## TASK OBJECTIVE:
In your reply, restate all of the records below word for word.

*** PROVIDED DATA Section Begins ***

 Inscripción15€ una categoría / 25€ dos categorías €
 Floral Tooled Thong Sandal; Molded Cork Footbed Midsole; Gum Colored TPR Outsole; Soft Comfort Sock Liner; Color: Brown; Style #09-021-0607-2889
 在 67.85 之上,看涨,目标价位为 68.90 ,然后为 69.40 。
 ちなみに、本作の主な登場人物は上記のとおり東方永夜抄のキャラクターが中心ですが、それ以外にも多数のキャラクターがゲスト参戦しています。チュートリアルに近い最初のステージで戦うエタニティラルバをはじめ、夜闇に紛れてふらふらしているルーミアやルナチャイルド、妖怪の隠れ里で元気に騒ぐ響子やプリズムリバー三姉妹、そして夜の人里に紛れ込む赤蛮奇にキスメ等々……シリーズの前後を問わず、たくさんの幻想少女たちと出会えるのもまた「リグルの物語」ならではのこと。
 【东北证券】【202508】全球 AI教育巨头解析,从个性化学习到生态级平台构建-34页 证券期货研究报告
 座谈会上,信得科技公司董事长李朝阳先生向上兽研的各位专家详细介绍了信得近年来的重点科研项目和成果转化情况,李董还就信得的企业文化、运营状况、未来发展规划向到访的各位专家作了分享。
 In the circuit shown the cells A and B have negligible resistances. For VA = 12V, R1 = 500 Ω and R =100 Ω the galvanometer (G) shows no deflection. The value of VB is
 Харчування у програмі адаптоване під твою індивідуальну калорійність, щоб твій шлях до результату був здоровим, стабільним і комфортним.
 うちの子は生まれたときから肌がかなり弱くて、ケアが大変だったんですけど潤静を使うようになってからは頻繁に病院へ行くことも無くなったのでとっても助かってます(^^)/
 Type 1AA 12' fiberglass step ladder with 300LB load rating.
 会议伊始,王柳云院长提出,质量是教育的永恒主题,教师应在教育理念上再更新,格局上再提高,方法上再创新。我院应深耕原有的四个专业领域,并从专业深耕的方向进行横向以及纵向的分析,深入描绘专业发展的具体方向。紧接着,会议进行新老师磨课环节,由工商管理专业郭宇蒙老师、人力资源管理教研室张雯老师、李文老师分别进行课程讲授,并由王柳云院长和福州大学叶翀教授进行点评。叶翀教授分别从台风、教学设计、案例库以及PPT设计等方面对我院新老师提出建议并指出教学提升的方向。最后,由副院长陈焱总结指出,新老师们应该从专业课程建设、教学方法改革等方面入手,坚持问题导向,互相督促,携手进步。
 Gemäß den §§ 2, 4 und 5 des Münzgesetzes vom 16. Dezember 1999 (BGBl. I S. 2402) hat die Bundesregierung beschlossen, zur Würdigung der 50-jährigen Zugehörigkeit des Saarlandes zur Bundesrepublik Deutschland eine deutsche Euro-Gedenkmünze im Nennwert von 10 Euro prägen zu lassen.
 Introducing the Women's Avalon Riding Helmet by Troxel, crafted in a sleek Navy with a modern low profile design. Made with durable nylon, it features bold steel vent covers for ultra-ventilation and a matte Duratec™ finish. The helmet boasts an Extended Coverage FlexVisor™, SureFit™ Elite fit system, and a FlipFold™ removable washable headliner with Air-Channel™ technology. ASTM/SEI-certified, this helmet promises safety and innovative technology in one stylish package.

*** PROVIDED DATA Section Ends ***

## RESPONSE TO THE EXERCISE:
 Inscripción15€ una categoría / 25€ dos categorías €
 Floral Tooled Thong Sandal; Molded Cork Footbed Midsole; Gum Colored TPR Outsole; Soft Comfort Sock Liner; Color: Brown; Style #09-021-0607-2889
 在 67.85 之上,看涨,目标价位为 68.90 ,然后为 69.40 。
 ちなみに、本作の主な登場人物は上記のとおり東方永夜抄のキャラクターが中心ですが、それ以外にも多数のキャラクターがゲスト参戦しています。チュートリアルに近い最初のステージで戦うエタニティラルバをはじめ、夜闇に紛れてふらふらしているルーミアやルナチャイルド、妖怪の隠れ里で元気に騒ぐ響子やプリズムリバー三姉妹、そして夜の人里に紛れ込む赤蛮奇にキスメ等々……シリーズの前後を問わず、たくさんの幻想少女たちと出会えるのもまた「リグルの物語」ならではのこと。
 【东北证券】【202508】全球 AI教育巨头解析,从个性化学习到生态级平台构建-34页 证券期货研究报告
 座谈会上,信得科技公司董事长李朝阳先生向上兽研的各位专家详细介绍了信得近年来的重点科研项目和成果转化情况,李董还就信得的企业文化、运营状况、未来发展规划向到访的各位专家作了分享。
 In the circuit shown the cells A and B have negligible resistances. For VA = 12V, R1 = 500 Ω and R =100 Ω the galvanometer (G) shows no deflection. The value of VB is
 Харчування у програмі адаптоване під твою індивідуальну калорійність, щоб твій шлях до результату був здоровим, стабільним і комфортним.
 うちの子は生まれたときから肌がかなり弱くて、ケアが大変だったんですけど潤静を使うようになってからは頻繁に病院へ行くことも無くなったのでとっても助かってます(^^)/
 Type 1AA 12' fiberglass step ladder with 300LB load rating.
 会议伊始,王柳云院长提出,质量是教育的永恒主题,教师应在教育理念上再更新,格局上再提高,方法上再创新。我院应深耕原有的四个专业领域,并从专业深耕的方向进行横向以及纵向的分析,深入描绘专业发展的具体方向。紧接着,会议进行新老师磨课环节,由工商管理专业郭宇蒙老师、人力资源管理教研室张雯老师、李文老师分别进行课程讲授,并由王柳云院长和福州大学叶翀教授进行点评。叶翀教授分别从台风、教学设计、案例库以及PPT设计等方面对我院新老师提出建议并指出教学提升的方向。最后,由副院长陈焱总结指出,新老师们应该从专业课程建设、教学方法改革等方面入手,坚持问题导向,互相督促,携手进步。
 Gemäß den §§ 2, 4 und 5 des Münzgesetzes vom 16. Dezember 1999 (BGBl. I S. 2402) hat die Bundesregierung beschlossen, zur Würdigung der 50-jährigen Zugehörigkeit des Saarlandes zur Bundesrepublik Deutschland eine deutsche Euro-Gedenkmünze im Nennwert von 10 Euro prägen zu lassen.
 Introducing the Women's Avalon Riding Helmet by Troxel, crafted in a sleek Navy with a modern low profile design. Made with durable nylon, it features bold steel vent covers for ultra-ventilation and a matte Duratec™ finish. The helmet boasts an Extended Coverage FlexVisor™, SureFit™ Elite fit system, and a FlipFold™ removable washable headliner with Air-Channel™ technology. ASTM/SEI-certified, this helmet promises safety and innovative technology in one stylish package.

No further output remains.